데이터 크롤링을 위해서는 내용을 가져오기 때문에 HTML 지식만으로도 충분하다.

<로또 데이터 크롤링>

>import requests     
>from bs4 import BeautifulSoup  
>import pandas as pd  

url=requests.get("https://search.naver.com/search.naver?where=nexearch&sm=top_hty&fbm=1&ie=utf8&query=%EB%A1%9C%EB%98%90+777%ED%9A%8C")
url
'<Response [200]>   #200:정상//400~ 이런 페이지 없습니다. //500~ 거절이나 잘못적었거나
url.text           #실행하면 정리되지 않은 데이터를 볼 수 있다.html 언어임,하지만 문자열로 가져왔지 때문에 html 언어로 변환 시켜야 함.
<!doctype html> <html lang="ko"> <head> <meta charset="utf-8"> <meta name="referrer" content="always"> 
me="description" lang="ko" content="\'로또 777회\'의 네이버 통합검색 결과입니다.">
...생략....
<title>로또 777회 : 네이버 통합검색</title> <link rel="shortcut icon" href="https://ssl.pstatic.net/sstatic/search/favicon/favicon_191118_pc.ico">  
<link rel="search" type="application/opensearchdescription+xml" href="https://ssl.pstatic.net/sstatic/search/opensearch-description.https.xml" title="Naver" />
<link rel="stylesheet" type="text/css" href="https://ssl.pstatic.net/sstatic/search/pc/css/search1_210708.css"> <link rel="stylesheet" type=

#requests는 URL주소에 있는 내용을 요청할 때 사용하는 모듈

#BeautifulSoup는 python언어로 HTML을 다루는 라이브러리

#url 로 불러온 데이터는 가공되지 않은 데이터로 정리되어 있지 않다. 또한 문자열 형태로 저장되기때문에 html 형태로 변환 시켜줘야 한다.

#html로 반환 하는 방법

>html=BeautifulSoup(url.text)
>html
<!DOCTYPE html>
<html lang="ko"> <head> <meta charset="utf-8"/> <meta content="always" name="referrer"/> <meta content="telephone=no,address=no,email=no" name="format-detection"/> <meta content="width=device-width,initial-scale=1.0,maximum-scale=2.0" name="viewport"/> 
    if (typeof NAVER === "undefined") {
      NAVER = {};
    }
  
    .....생략....

#태그이름 : div ,클래스의 속성값 이름 : num_box

>html.select('div.num_box') # 리스트로 불러왔기 때문에 html 꺼내야 함.
[<div class="num_box"> <span class="num ball6">6</span> <span class="num ball12">12</span> <span class="num ball17">17</span> <span class="num ball21">21</span> <span class="num ball34">34</span> <span class="num ball37">37</span> <span class="bonus">보너스번호</span> <span class="num ball18">18</span> <a class="btn_num" href="https://www.dhlottery.co.kr/gameResult.do?method=myWin" nocr="" onclick="return goOtherCR(this, 'a=nco_x5e*1.contents&amp;r=1&amp;i=0011AD9E_0000009BBC09&amp;u=' + urlencode(this.href));" target="_blank">내 번호 당첨조회</a> </div>]

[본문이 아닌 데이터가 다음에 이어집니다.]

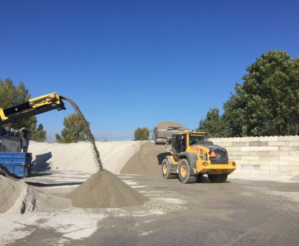 We hebben altijd grote hoeveelheden menggranulaat, betongranulaat, asfaltgranulaat, ophoogzand en vulzand op voorraad.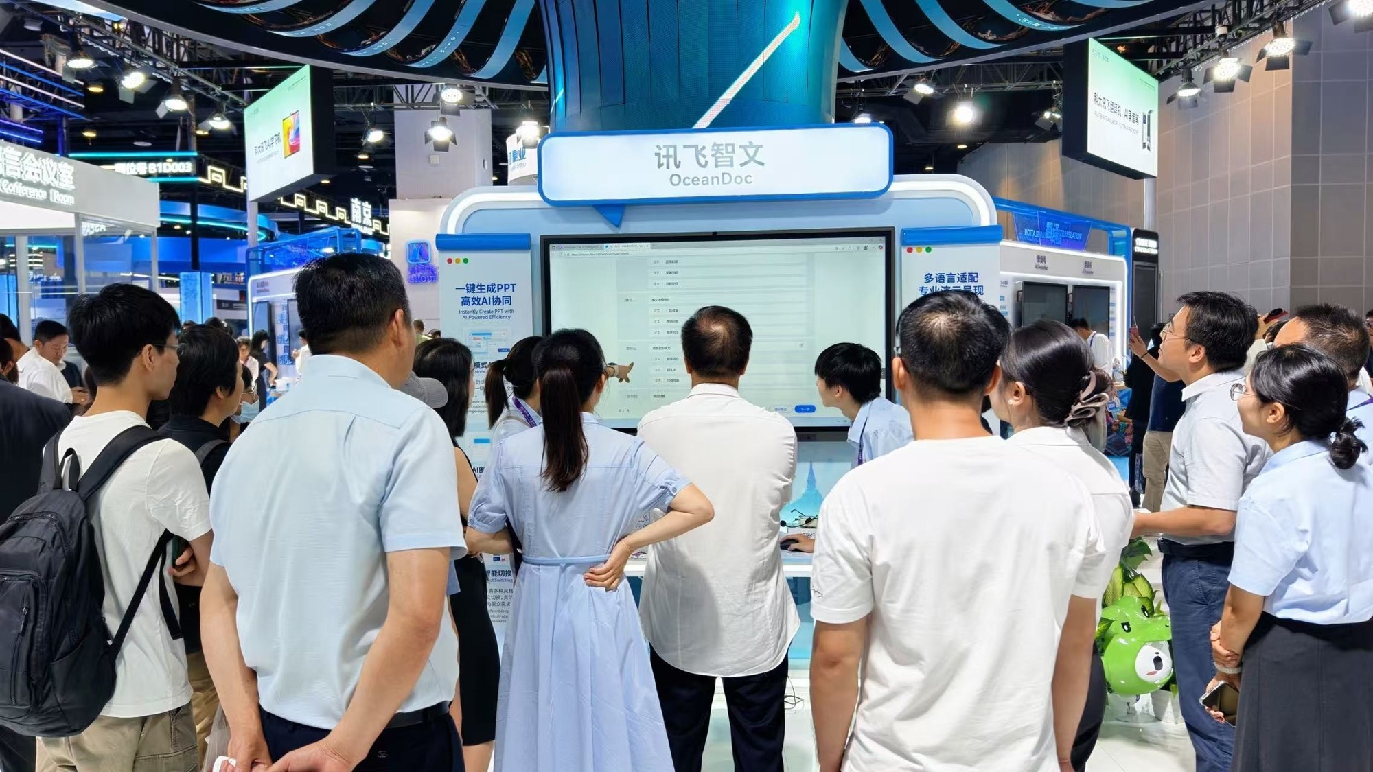 展会现场,讯飞智文设置了互动体验区。产品讲解员在现场为往来观众演示和讲解,一边流畅操作平台,一边介绍讯飞智文与OceanDoc在跨语言创作、智能排版与多场景应用方面的功能,吸引了大量东盟国家客商、专业人士驻足咨询与体验。

>html.select('div.num_box')[0]
<div class="num_box"> <span class="num ball6">6</span> <span class="num ball12">12</span> <span class="num ball17">17</span> <span class="num ball21">21</span> <span class="num ball34">34</span> <span class="num ball37">37</span> <span class="bonus">보너스번호</span> <span class="num ball18">18</span> <a class="btn_num" href="https://www.dhlottery.co.kr/gameResult.do?method=myWin" nocr="" onclick="return goOtherCR(this, 'a=nco_x5e*1.contents&amp;r=1&amp;i=0011AD9E_0000009BBC09&amp;u=' + urlencode(this.href));" target="_blank">내 번호 당첨조회</a> </div>

#각 번호의 태그이름은 span

>lotto_number=html.select('div.num_box')[0].select('span')
>lotto_number
[<span class="num ball6">6</span>,
 <span class="num ball12">12</span>,
 <span class="num ball17">17</span>,
 <span class="num ball21">21</span>,
 <span class="num ball34">34</span>,
 <span class="num ball37">37</span>,
 <span class="bonus">보너스번호</span>,
 <span class="num ball18">18</span>]

#보너스 번호 삭제하기

>lotto_number=html.select('div.num_box')[0].select('span')
>del lotto_number[6]
>lotto_number
[<span class="num ball6">6</span>,
 <span class="num ball12">12</span>,
 <span class="num ball17">17</span>,
 <span class="num ball21">21</span>,
 <span class="num ball34">34</span>,
 <span class="num ball37">37</span>,
 <span class="num ball18">18</span>]

#여기서 텍스트란, 로또 숫자들 (6,12,17,21,34,37,18)

#텍스트만 불러오기

>for i in lotto_number:
>    print(i.text)
6
12
17
21
34
37
18

#box라는 리스트 생성하여 로또 번호들 저장

>box=[]
>for i in lotto_number:
>   box.append(i.text)
>box
['6', '12', '17', '21', '34', '37', '18']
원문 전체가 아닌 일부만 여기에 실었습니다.